Having considered the structural components of students’ readiness for professional activity, we believe that all actions to change the personality of a future specialist should be aimed at his self-expression and self-development: this is a developed interest in another person, respect for his uniqueness; the teacher’s understanding of his right to originality and individuality, the desire for an individual style of work; the presence of a holistic “I-concept” and adequate self-esteem, capable of resisting biased external evaluation of the teacher’s work, ensuring his professional stability, motivation and the desire to master high standards of work and psychological and pedagogical skills; motivation and striving for creativity as a way of personality development, self-realization not only in subject and communicative, but also in personal creativity.

6. Conclusions

Today, when the modern stage of development of society is characterized by the deepest socioeconomic and political transformations, it requires the preparation of creatively thinking people.
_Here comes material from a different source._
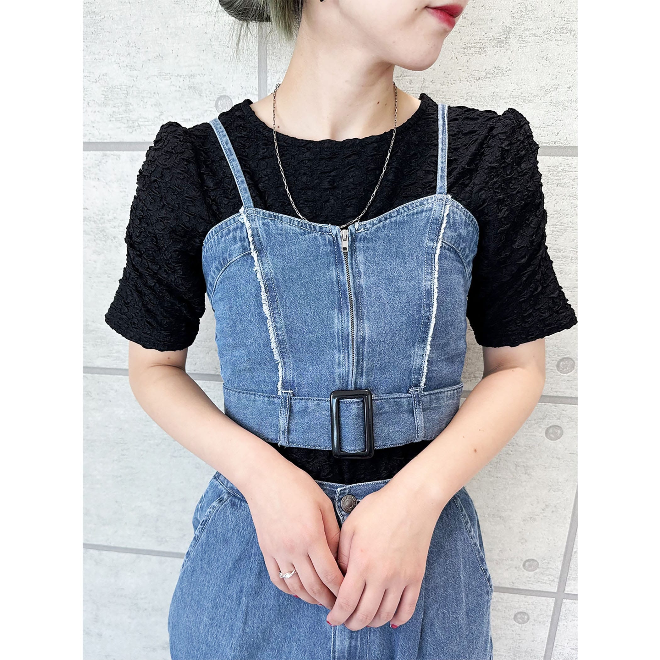フロントのデザインがアクセントになるビスチェ。

They should have: a nonstandard view of problems, the improvement of the person himself, his creative and constructive abilities, high intelligence, morality, and responsibility. All these qualities are an important condition for the survival of mankind in a crisis state of the social system.

The success of these transformations is largely determined by the humanization of the Russian school. In this, educational psychologists who work in the education system play an essential role. The effectiveness of the work of educational psychologists depends on the levels of their readiness for the implementation of professional and educational activities.

The study confirmed the importance of solving an urgent problem at the present stage of the development of higher pedagogical education—the formation of readiness for professional and pedagogical activities of future pedagogical psychologists.

In this work, we carried out a pedagogical study of the professional and pedagogical activity of a teacher-psychologist. We showed the peculiarity of the formation of such an important personal education in the educational process of a pedagogical university.

It examined the readiness for professional and pedagogical activity of future pedagogical psychologists by identifying the features and directions of the professional pedagogical activity of a pedagogical psychologist, comparing the specifics of “professional pedagogical activity” and “professional pedagogical activity of pedagogical psychologists” and in the system of concepts close to it “readiness,” “readiness for activity,” “readiness for professional and pedagogical activity.” The proposed model of training specialists for professional activities requires obtaining high-quality professional psychological education.

The obtained results are important for the development of specific mechanisms for increasing the competitiveness and employment of graduates interested in the profession through their thoughtful preparation in high school and the selection of the best students at the university.

Data Availability

The data that support the findings of this study are available from the corresponding author upon reasonable request.

Conflicts of Interest

The authors declare that they have no conflicts of interest.